*Dataset excerpt:*
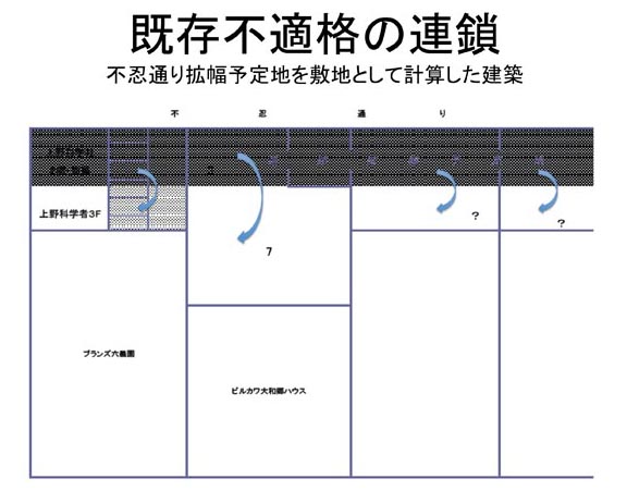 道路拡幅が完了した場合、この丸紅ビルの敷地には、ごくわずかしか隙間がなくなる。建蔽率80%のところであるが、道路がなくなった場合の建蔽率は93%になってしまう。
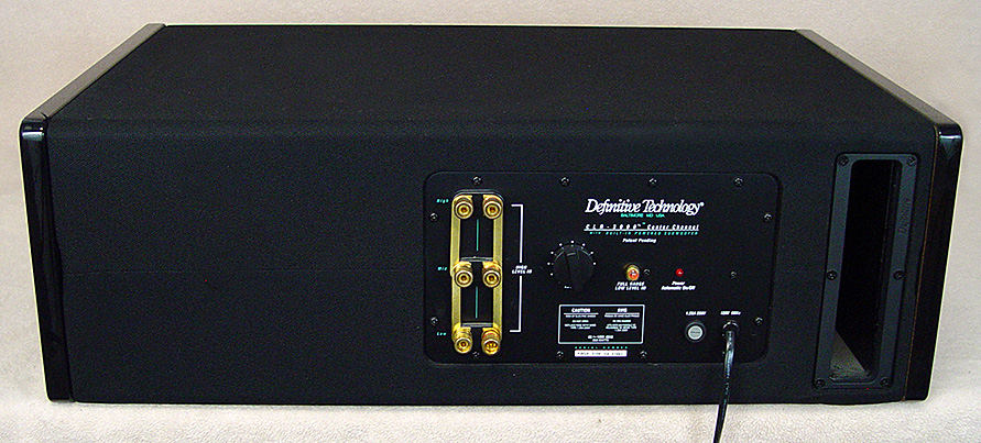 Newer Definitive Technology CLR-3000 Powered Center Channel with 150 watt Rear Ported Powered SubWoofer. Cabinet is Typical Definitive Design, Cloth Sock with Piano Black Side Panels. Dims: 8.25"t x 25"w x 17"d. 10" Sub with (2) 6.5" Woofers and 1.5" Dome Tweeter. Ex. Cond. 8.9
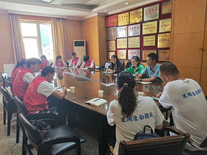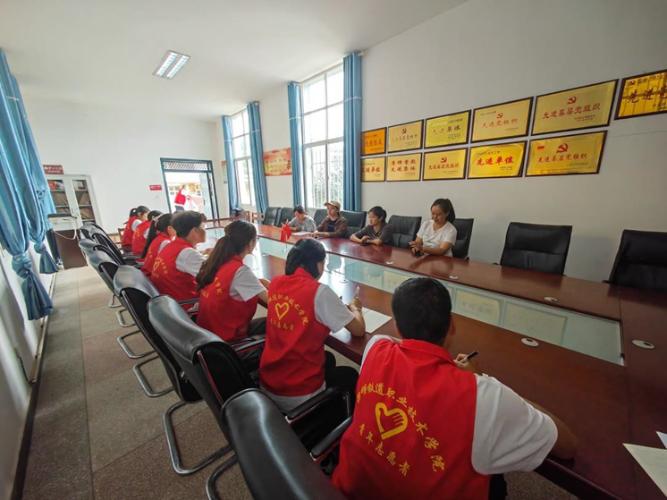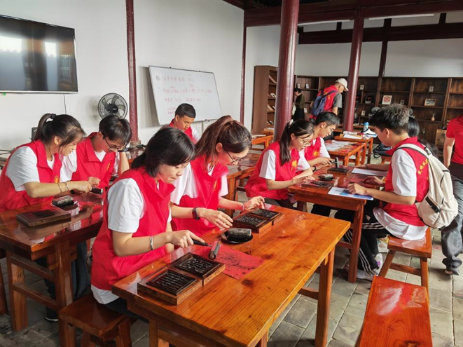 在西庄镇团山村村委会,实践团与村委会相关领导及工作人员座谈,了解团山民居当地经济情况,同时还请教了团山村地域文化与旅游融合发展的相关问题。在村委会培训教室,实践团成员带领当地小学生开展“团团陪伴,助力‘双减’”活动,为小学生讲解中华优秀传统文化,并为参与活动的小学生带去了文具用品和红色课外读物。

*Activity:* The task calls for repeating each line above exactly while excluding the pictures.

*Solution below:*
 道路拡幅が完了した場合、この丸紅ビルの敷地には、ごくわずかしか隙間がなくなる。建蔽率80%のところであるが、道路がなくなった場合の建蔽率は93%になってしまう。
 Newer Definitive Technology CLR-3000 Powered Center Channel with 150 watt Rear Ported Powered SubWoofer. Cabinet is Typical Definitive Design, Cloth Sock with Piano Black Side Panels. Dims: 8.25"t x 25"w x 17"d. 10" Sub with (2) 6.5" Woofers and 1.5" Dome Tweeter. Ex. Cond. 8.9
 在西庄镇团山村村委会,实践团与村委会相关领导及工作人员座谈,了解团山民居当地经济情况,同时还请教了团山村地域文化与旅游融合发展的相关问题。在村委会培训教室,实践团成员带领当地小学生开展“团团陪伴,助力‘双减’”活动,为小学生讲解中华优秀传统文化,并为参与活动的小学生带去了文具用品和红色课外读物。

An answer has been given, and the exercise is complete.